** Dataset excerpt **
- - - -
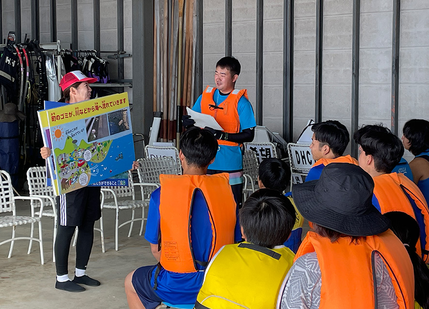 紙芝居やパネルを使って、落水時の対処法や水辺に潜む危険のほか、海洋ごみやマイクロプラスティック問題について説明し、ビーチクリーンを行った。
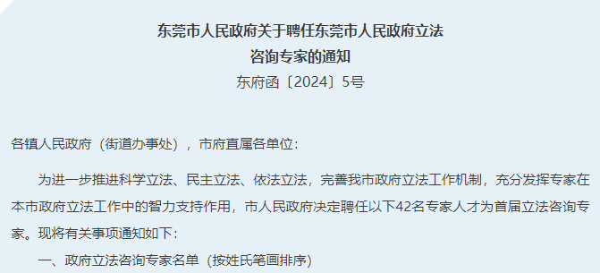 2024年1月10日,东莞市人民政府发布《关于聘任东莞市人民政府立法咨询专家的通知》。我院杨治坤教授担任东莞市人民政府首届立法咨询专家。
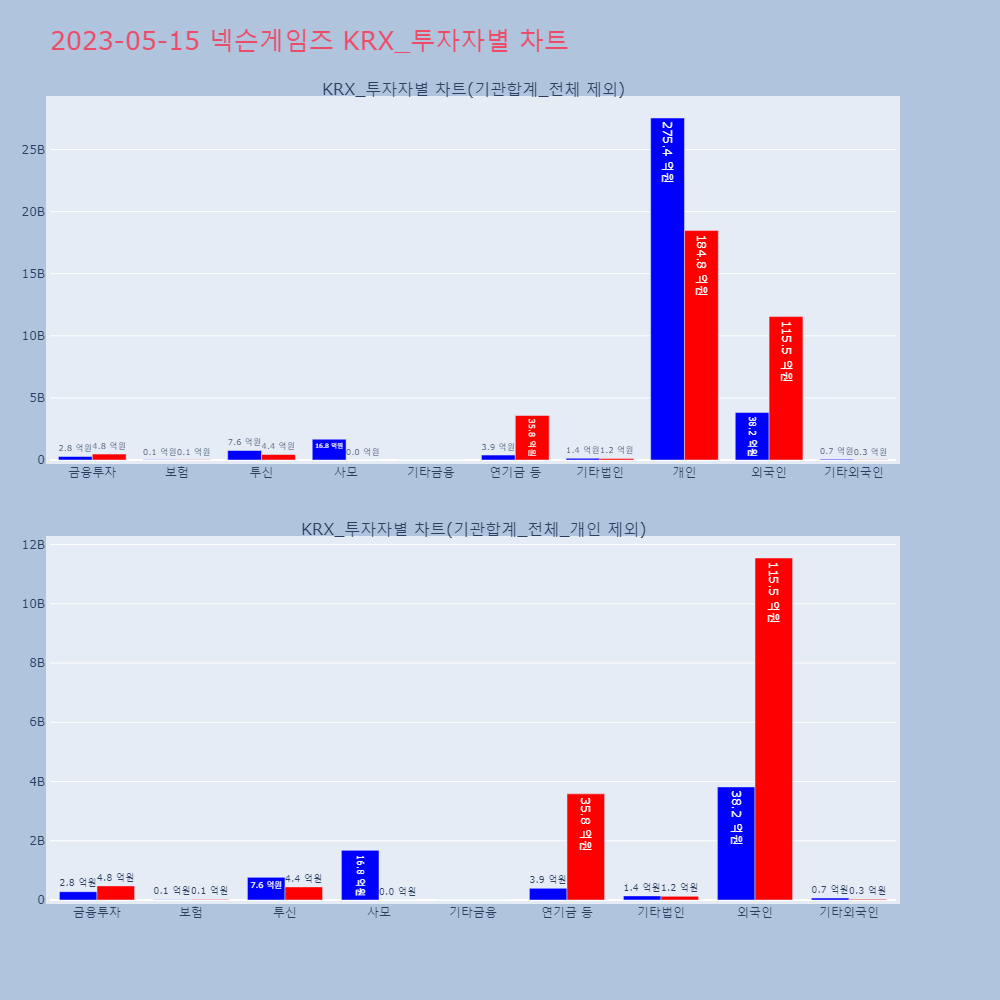 | 투자기관 | 매도량/금액(백) | 매수량/금액(백) | 순매수량/금액(백) |
- - - -
** Activity **
Hand back every line of the material, exactly, without the pictures.

** Solution to the exercise **
 紙芝居やパネルを使って、落水時の対処法や水辺に潜む危険のほか、海洋ごみやマイクロプラスティック問題について説明し、ビーチクリーンを行った。
 2024年1月10日,东莞市人民政府发布《关于聘任东莞市人民政府立法咨询专家的通知》。我院杨治坤教授担任东莞市人民政府首届立法咨询专家。
 | 투자기관 | 매도량/금액(백) | 매수량/금액(백) | 순매수량/금액(백) |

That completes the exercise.